▸ **Your task**: For this task, output exactly the lines of the material below starting at the line with "15 Dessins de" and ending at the line with "- Uczniowie koła"; pictures are to be excluded.

▸ **Extracted data**:
★ ★ ★
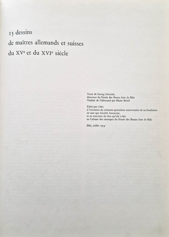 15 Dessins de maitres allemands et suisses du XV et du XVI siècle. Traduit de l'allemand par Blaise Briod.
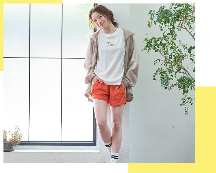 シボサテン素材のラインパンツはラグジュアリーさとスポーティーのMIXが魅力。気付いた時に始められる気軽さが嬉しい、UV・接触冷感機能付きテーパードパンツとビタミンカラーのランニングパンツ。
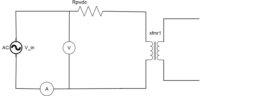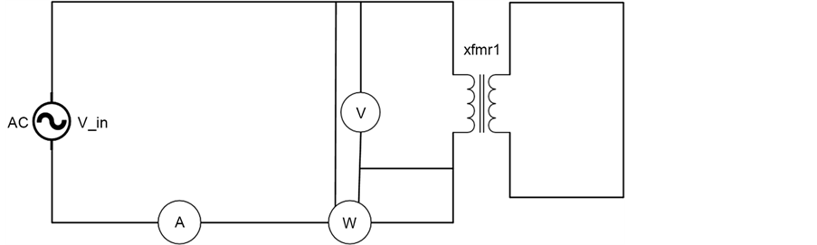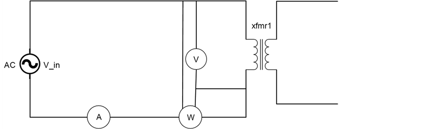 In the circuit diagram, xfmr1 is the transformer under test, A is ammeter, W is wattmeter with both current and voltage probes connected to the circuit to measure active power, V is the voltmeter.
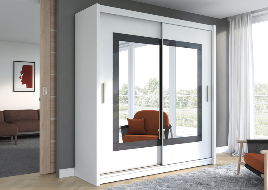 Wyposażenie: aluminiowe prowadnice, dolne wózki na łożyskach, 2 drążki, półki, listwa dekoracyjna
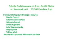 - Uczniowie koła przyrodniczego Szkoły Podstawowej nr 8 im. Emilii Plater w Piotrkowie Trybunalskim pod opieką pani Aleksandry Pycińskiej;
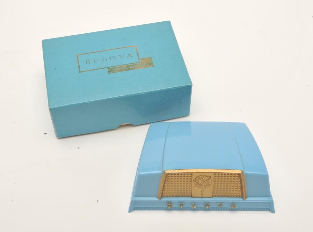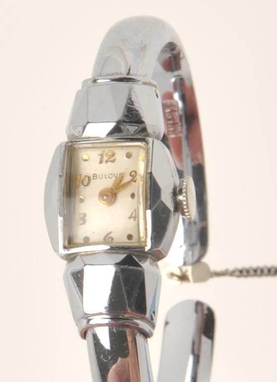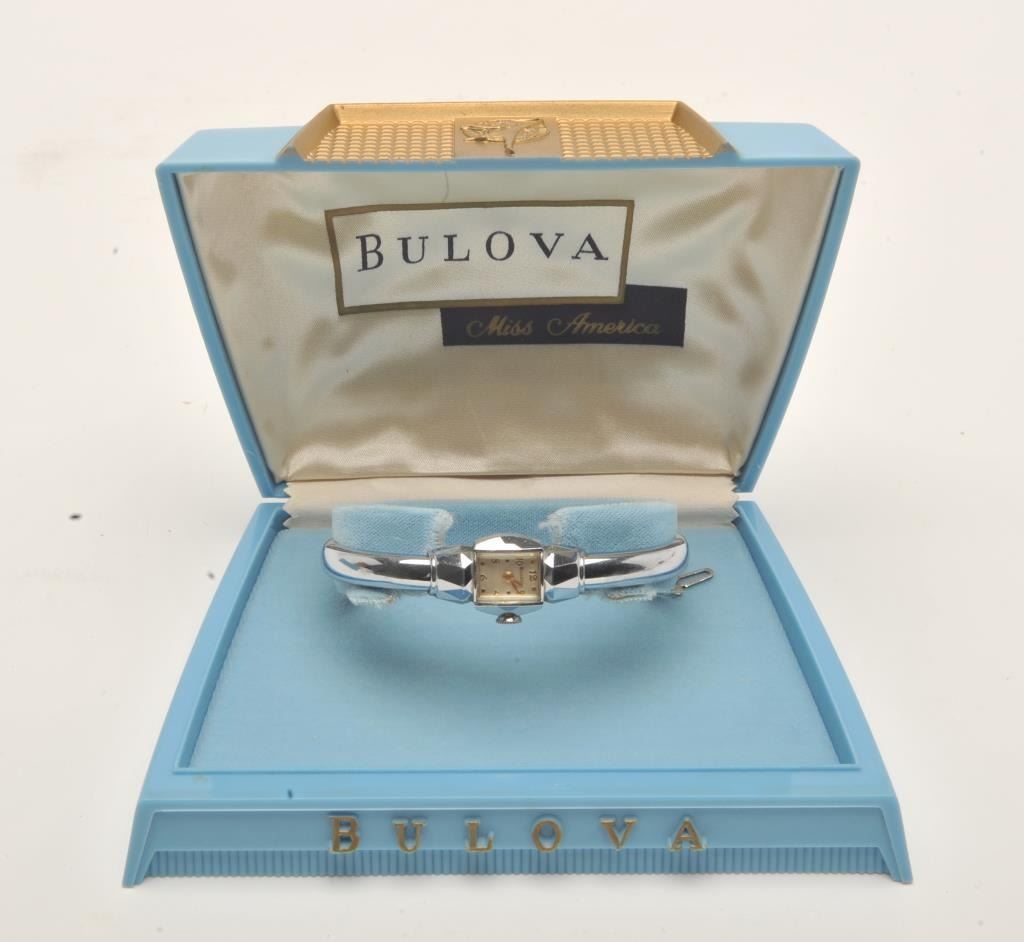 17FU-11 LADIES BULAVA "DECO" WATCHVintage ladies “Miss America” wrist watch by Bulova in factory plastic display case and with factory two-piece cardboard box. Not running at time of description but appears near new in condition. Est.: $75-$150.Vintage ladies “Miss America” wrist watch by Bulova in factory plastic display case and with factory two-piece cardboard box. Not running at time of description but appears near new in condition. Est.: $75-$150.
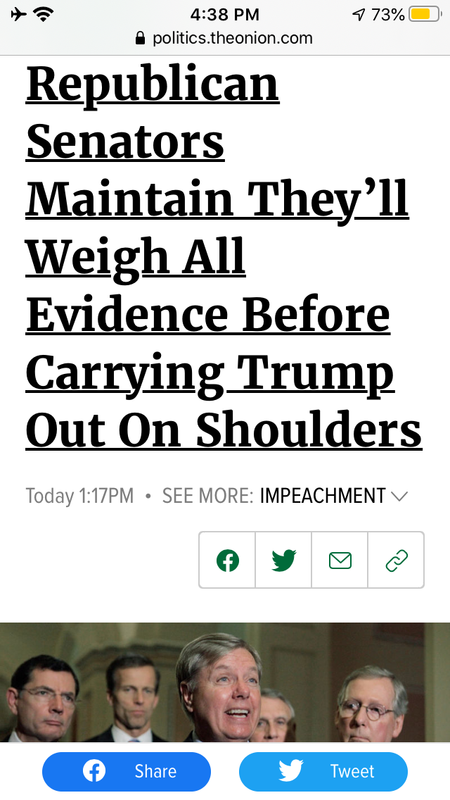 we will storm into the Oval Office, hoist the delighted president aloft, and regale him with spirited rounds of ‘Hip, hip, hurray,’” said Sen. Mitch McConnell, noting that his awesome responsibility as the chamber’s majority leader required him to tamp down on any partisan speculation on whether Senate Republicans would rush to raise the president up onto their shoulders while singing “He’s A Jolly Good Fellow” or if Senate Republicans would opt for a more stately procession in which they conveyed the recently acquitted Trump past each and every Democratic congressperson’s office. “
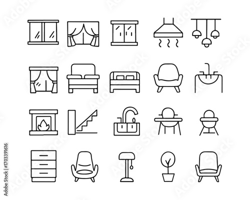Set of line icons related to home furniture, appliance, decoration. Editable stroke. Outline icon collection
★ ★ ★
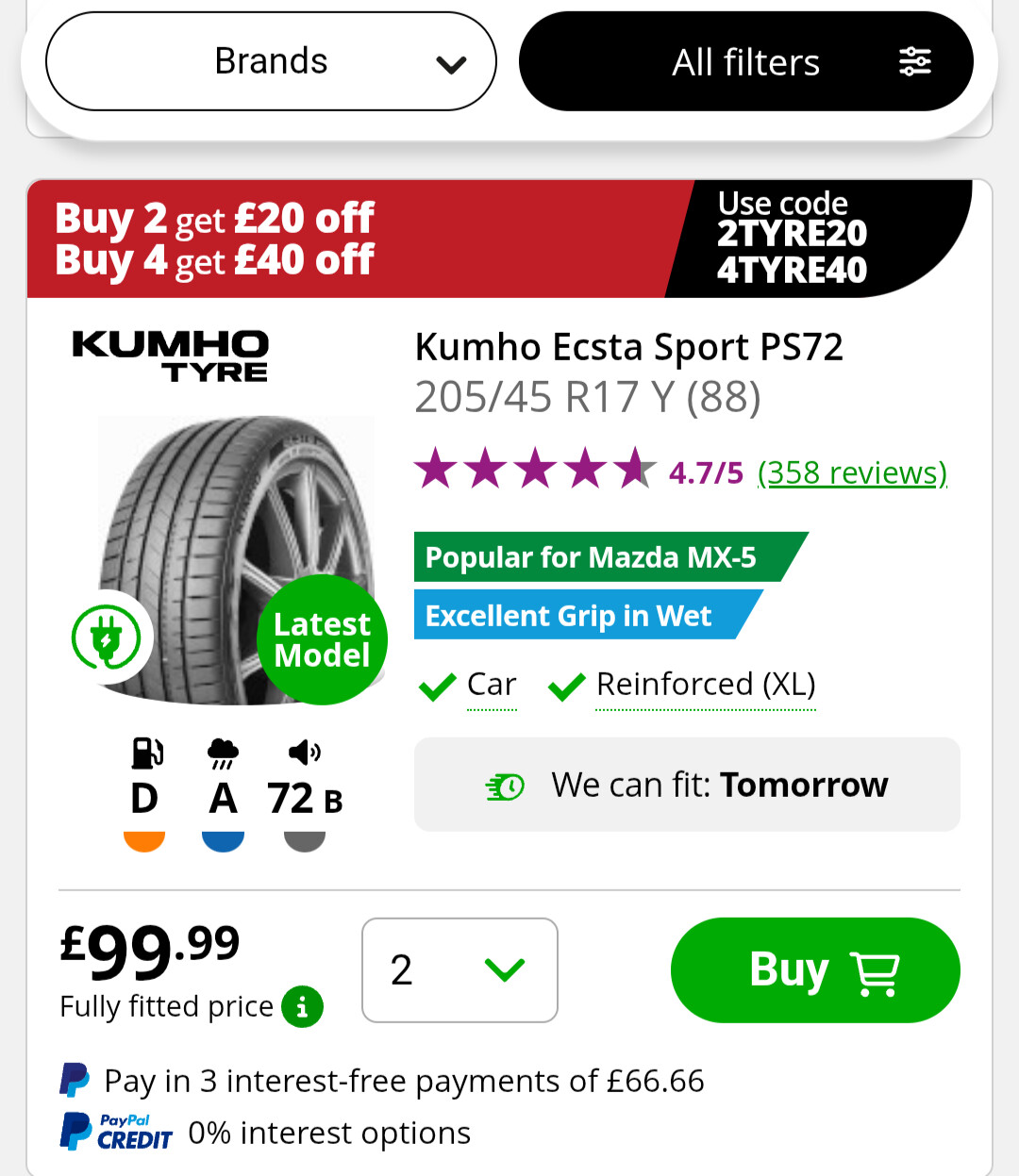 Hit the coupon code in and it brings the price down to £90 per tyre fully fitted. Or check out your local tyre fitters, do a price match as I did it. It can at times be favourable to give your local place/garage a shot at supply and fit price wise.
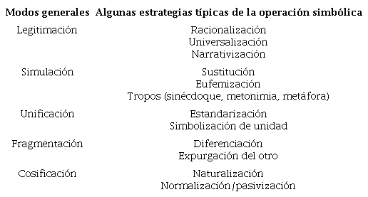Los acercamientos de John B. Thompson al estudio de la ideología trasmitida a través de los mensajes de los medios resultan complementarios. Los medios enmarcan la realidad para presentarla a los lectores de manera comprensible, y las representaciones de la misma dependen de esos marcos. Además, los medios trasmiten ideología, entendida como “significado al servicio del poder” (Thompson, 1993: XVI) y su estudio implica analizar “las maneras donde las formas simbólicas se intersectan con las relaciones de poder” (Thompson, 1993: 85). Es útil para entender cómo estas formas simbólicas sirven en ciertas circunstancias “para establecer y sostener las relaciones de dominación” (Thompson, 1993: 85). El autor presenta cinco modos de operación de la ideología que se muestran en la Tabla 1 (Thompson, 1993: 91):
★ ★ ★
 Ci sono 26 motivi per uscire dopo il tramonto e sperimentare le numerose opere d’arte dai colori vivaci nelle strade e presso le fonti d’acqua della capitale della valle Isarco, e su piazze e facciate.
★ ★ ★
▸ **Task response**:
 15 Dessins de maitres allemands et suisses du XV et du XVI siècle. Traduit de l'allemand par Blaise Briod.
 シボサテン素材のラインパンツはラグジュアリーさとスポーティーのMIXが魅力。気付いた時に始められる気軽さが嬉しい、UV・接触冷感機能付きテーパードパンツとビタミンカラーのランニングパンツ。
 In the circuit diagram, xfmr1 is the transformer under test, A is ammeter, W is wattmeter with both current and voltage probes connected to the circuit to measure active power, V is the voltmeter.
 Wyposażenie: aluminiowe prowadnice, dolne wózki na łożyskach, 2 drążki, półki, listwa dekoracyjna
 - Uczniowie koła przyrodniczego Szkoły Podstawowej nr 8 im. Emilii Plater w Piotrkowie Trybunalskim pod opieką pani Aleksandry Pycińskiej;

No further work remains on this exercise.